The latest RBA Statement of Monetary Policy, released today includes a range of comments on housing, and mortgage lending. Clearly the RBA wants to continue to show there is nothing to see here. High absolute household debt and rising defaults hardly gets a mention! They also choose to use the APM home price data rather than CoreLogic’s indices (which would show higher growth). They say the average outstanding housing interest rate has fallen by around 35 basis points this year.
However, they do warn that if growth in housing demand does not continue to keep pace with the scheduled large increases in supply, it would place downward pressure on housing prices and rents and increase the risk of off-the-plan apartment purchases failing to settle.
They also warn that if the broader housing market was to weaken substantially, consumption growth may be lower than currently expected in response to wealth and income effects. Consumer price inflation would also be affected as housing costs comprise a significant share of household expenditure.
As expected, private dwelling investment was strong over the year to the June quarter. The value of residential building approvals has reached record levels as a share of GDP and the amount of work in the pipeline has edged higher. Accordingly, dwelling investment is likely to contribute to growth for some time yet. However, the large amount of work in the pipeline raises concerns that some locations could become oversupplied, particularly in inner-city areas where a lot of highdensity housing is planned. This could lead to settlement failures by off-the-plan purchasers and a general reduction in rents and prices.
Conditions in the established housing market have eased relative to a year ago, although some indicators suggest that conditions may have strengthened over recent months. In particular, housing price growth has picked up noticeably in Sydney and Melbourne, where auction clearance rates have also increased to high levels.
However, the number of auctions and housing market turnover more generally are lower than they were last year and properties are, on average, taking longer to sell. While housing credit growth has also declined over the past year, loan approvals data suggest that lending to investors has increased a little over recent months. Housing market conditions remain weak in Perth, where prices of both apartments and detached dwellings have declined further over the past year.
Housing credit growth has eased to an annualised pace of around 6 per cent. Growth in net housing debt is about 1 percentage point below growth in housing credit due to ongoing strong growth in deposits in mortgage offset accounts.
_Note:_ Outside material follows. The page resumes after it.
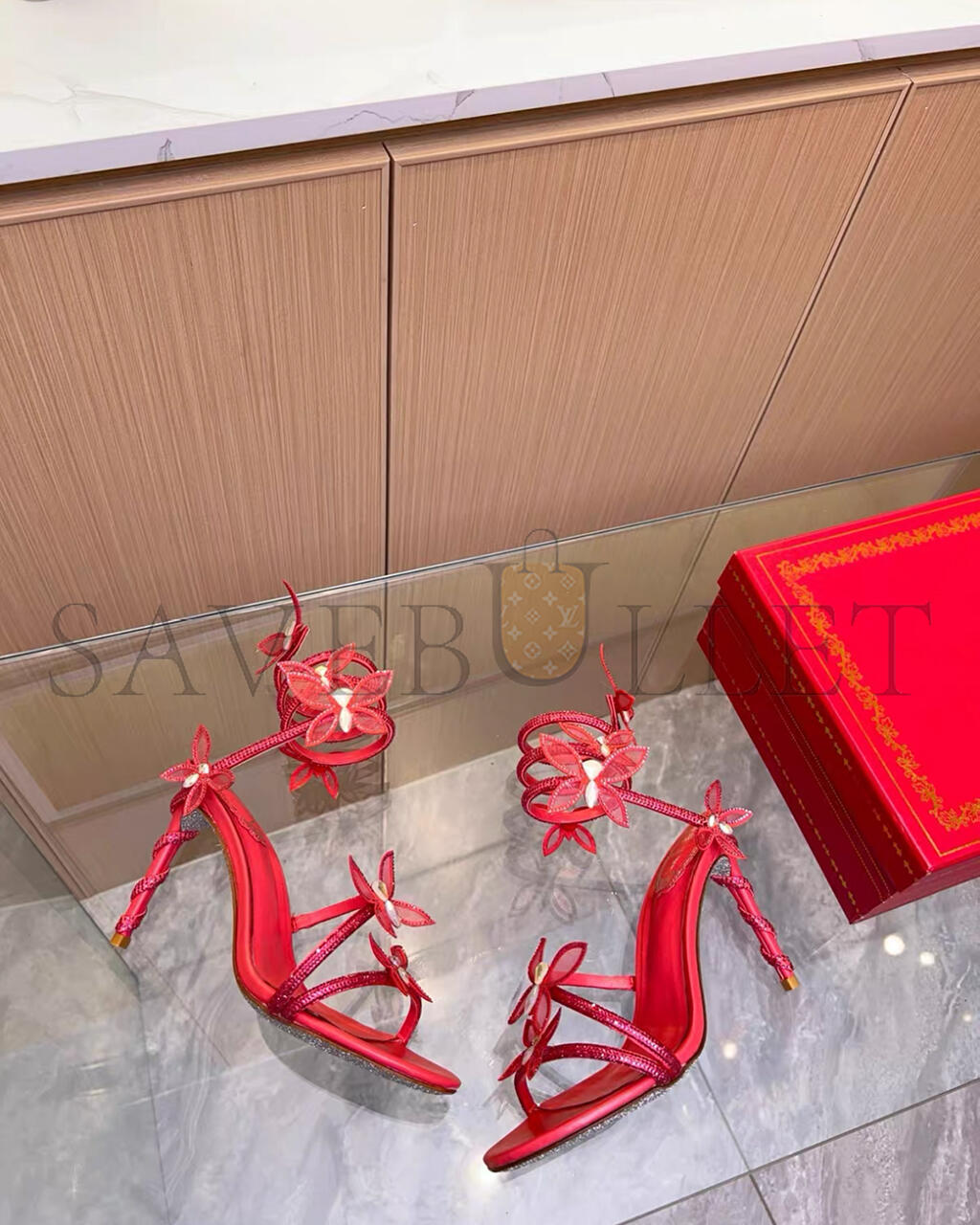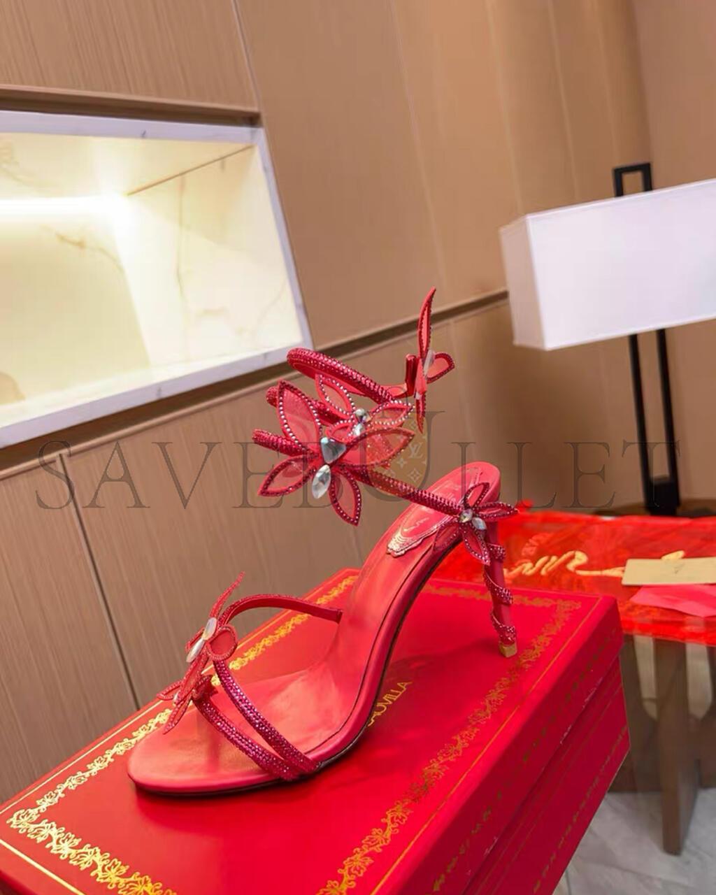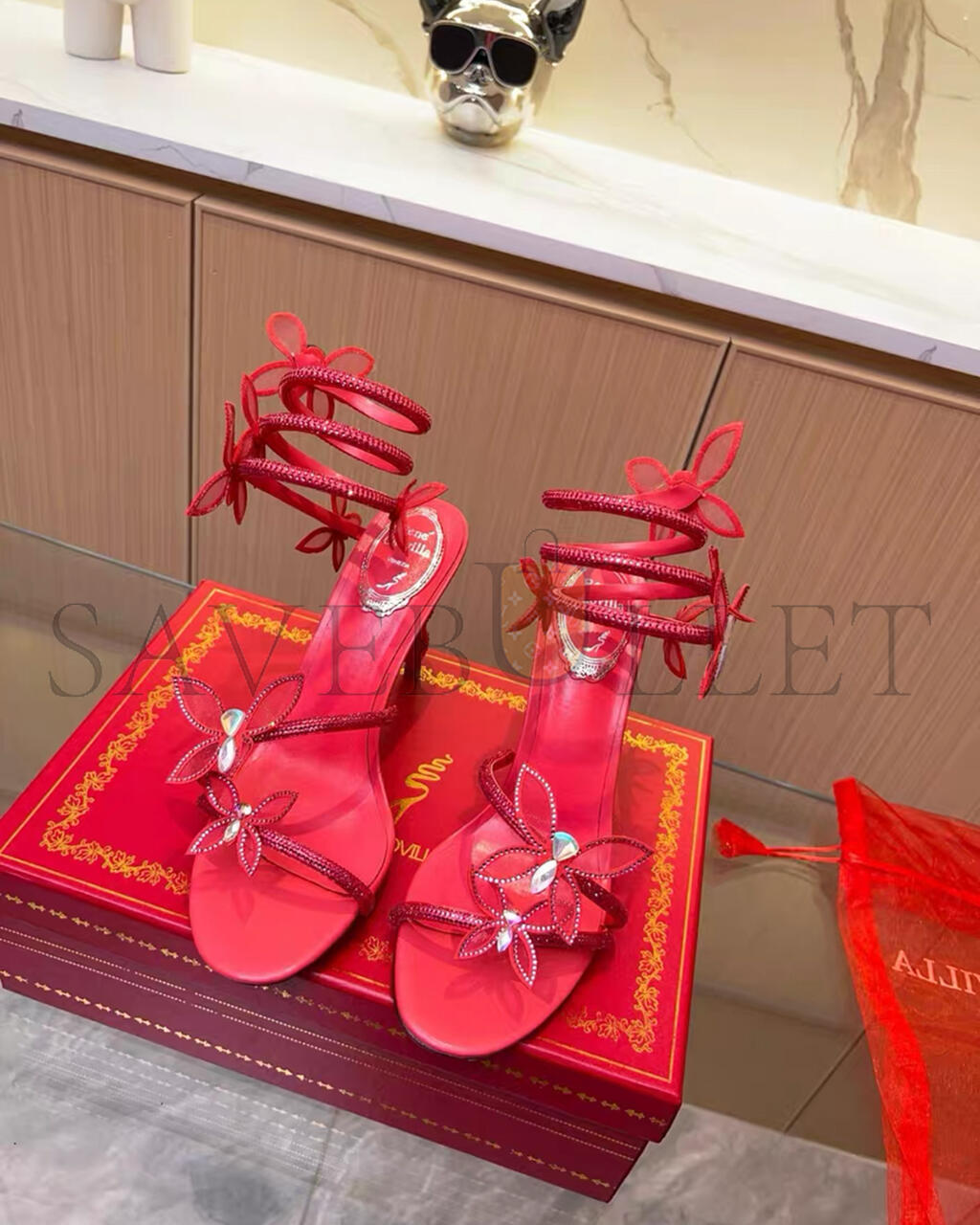 RENE CAOVILLA MARGOT RED BUTTERFLY SANDAL 95 103027

While the slowing in housing credit growth and loan approvals has been reasonably broad based, there remains some divergence in the pace of growth across states (Graph 4.11). The slowing in loan approvals has been particularly pronounced in Western Australia; while loan approvals in NSW have also eased over the past year, they continue at a pace noticeably above the national average.
Growth in credit advanced to investors has increased a little in recent months, consistent with a pick-up in investor housing loan approvals. In contrast, growth in credit advanced to owner-occupiers has eased a little recently. The current level of approvals is consistent with housing credit growth continuing at around its current pace.
The slowing in housing loan approvals over the past year is consistent with the decline in turnover in the housing market. It also reflects slower growth in average dwelling prices and a decrease in the average loan-to-valuation ratio. The latter follows the introduction of measures by the Australian Prudential Regulation Authority (APRA) to strengthen lending standards. Another factor that may be contributing to the easing in housing credit growth over the past year is an increase in the share of off-the-plan purchases, which are yet to flow through to the demand for credit. These transactions do not involve a mortgage at the time the dwelling is purchased off the plan, but add to the stock of housing credit when a mortgage is provided to the purchaser upon completion of the dwelling.
Around half of the August cash rate reduction was passed through to most advertised housing lending rates. The average outstanding housing interest rate has fallen by around 35 basis points this year and is likely to decline a little further as maturing loans are replaced with loans on lower The lowest available variable interest rates are more than 50 basis points below the average outstanding interest rate and, reflecting the lower rates on offer, the level of refinancing activity remains relatively high. One bank has recently introduced a loan product with the interest rate margin fixed at 249 basis points above the cash rate.
Recent strength in dwelling investment, particularly the construction of higher-density dwellings, has played a role in supporting the rebalancing of economic activity away from the resources sector.
Low interest rates and increases in housing prices have encouraged a substantial increase in the supply of apartments and the pipeline of residential work yet to be done has increased to historically high levels. While this pipeline should support growth in dwelling investment over the next year or so, the outlook for dwelling investment beyond this period is uncertain.
There is concern about the risk of an oversupply of apartments in specific geographical areas, such as inner-city areas of Melbourne and Brisbane. Outside Western Australia, the supply of housing has to date largely been absorbed by population growth. However, if growth in housing demand does not continue to keep pace with the scheduled large increases in supply, it would place downward pressure on housing prices and rents and increase the risk of off-the-plan apartment purchases failing to settle. If the broader housing market was to weaken substantially, consumption growth may be lower than currently expected in response to wealth and income effects. Consumer price inflation would also be affected as housing costs comprise a significant share of household expenditure.